Persone dotate di una sensibilità a fior di pelle, elemento che si può tradurre in maniera positiva o, come nel loro caso, negativa. Ma pur sempre di sensibilità si tratta e di fragilità, una fragilità psichica che tutti paiono voler combattere. Ma più ci addentriamo in questa oscura giungla dell’ambiente carcerario italiano, più veniamo a scoprire che davvero, la bilancia della giustizia è dotata di due pesi e due misure. È mai possibile che si venga condannati a scontare una pena che va oltre i 12 mesi per un furto di 17 euro in un supermercato, mentre manigoldi extra lusso se ne vanno a spasso dopo aver derubato la nazione a suon di milioni? Allora esiste una giustizia di serie A e una serie di B? Sovente udii pronunciare con grande amarezza dall’avvocato mio padre che la legge non è uguale per tutti, come viene solennemente conclamato nelle aule dei tribunali. A cosa servono codici, codicilli, cavilli, articoli a-bis e ter se poi spesso la sentenza viene pronunciata senza una salomonica obiettività?

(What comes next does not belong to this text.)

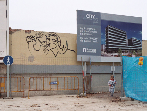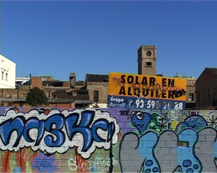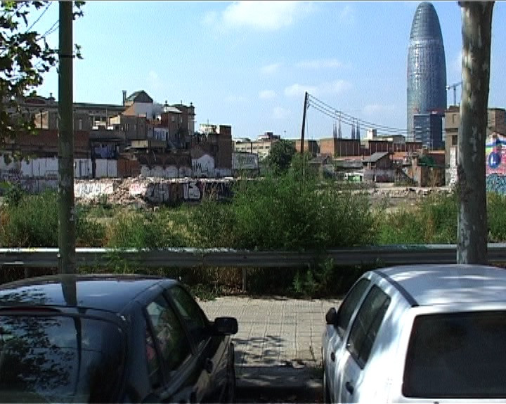 Et ce sont justement ces «transformations physiques» du tissu urbain que retrace Véronique Goël : alternant les travellings latéraux pris depuis une voiture, Poble No sillonne les rues du quartier, découvre des immeubles en décombre, des terrains en friche et d’incessants chantiers, ponctués de-ci de-là par des cheminées d’usine et des bâtiments neufs, oblitérant les vestiges du quartier ouvrier. Parallèlement à cet arpentement d’un espace béant et éventré, la bande-son délivre, par bribes, une série de données factuelles, portant aussi bien sur la fluctuation de la population et des entreprises en activité dans le quartier que sur la réalité économique des travaux entrepris. Le propos se recentre sur les mécanismes de la spéculation immobilière, face à l’ouverture de ce gigantesque marché qui conduit à la délocalisation de la population. La musique (une composition originale pour piano préparé) souligne, par ses sonorités industrielles, la disparition du passé ouvrier de Barcelone, pourtant constitutif de son histoire. Aussi Véronique Goël ne manque-t-elle pas de recourir à des archives photographiques, à des traces renvoyant à une histoire désormais inaccessible, opérant par là un travail de mémoire, si ce n’est de réparation du passé. Ce recours à des documents photographiques, impliquant un figement du plan et une limitation des mouvements de la caméra, inverse le balayage constant du champ qui constitue le principe constructif du film – et réinscrit en continu les propos jusqu’ici égrenés lors des différents plans séquences. Et de fait, après une douzaine de travellings latéraux droite/gauche, la caméra inverse sa trajectoire, découvre un hôtel cinq étoiles, rappelant vaguement les formes d’une construction industrielle, avant de s’immobiliser ; deux plans brefs et fixes suivent, précédant l’exposition d’une dizaine de photographies, la plupart en noir et blanc. Une construction cylindrique, détruite à l’époque des Jeux Olympiques, est présente à deux reprises dans les archives photographiques. Selon le même principe de raccord formel, c’est une photo en couleur, représentant la place du Forum, avec notamment l’édifice de Herzog et de Meuron et la tour Agbar au loin, qui introduit aux derniers travellings: par l’entremise d’un raccord dans l’axe, le film réintègre le régime de l’image en mouvement, en recadrant l’hôtel Princess (une construction d’Oscar Tusquets) au sein de la place du Forum. Les mouvements latéraux de la caméra qui font suite à ce bref plan fixe relancent la trajectoire implacable du film, exhibant dans un mouvement étale les décombres de la ville industrielle, entrecoupée de terrains vagues et masquée par des rangées de panneaux publicitaires. En ce sens, Poble No constitue un radical contrechamp aux monuments signés Nouvel, Herzog et de Meuron, etc. »

Privare un individuo del bene più prezioso al mondo, la libertà, per una manciata di euro mentre colui che investe una persona se ne torna a casa impunito… Forse sarebbe opportuno rivedere non solo il modus operandi ma anche il modus cogitandi. Ma “va bene così”, non me la prendo, devo riuscire a farmene una ragione, ora sono qui”, scrive il detenuto dei Miogni, vincitore di una delle due menzioni speciali.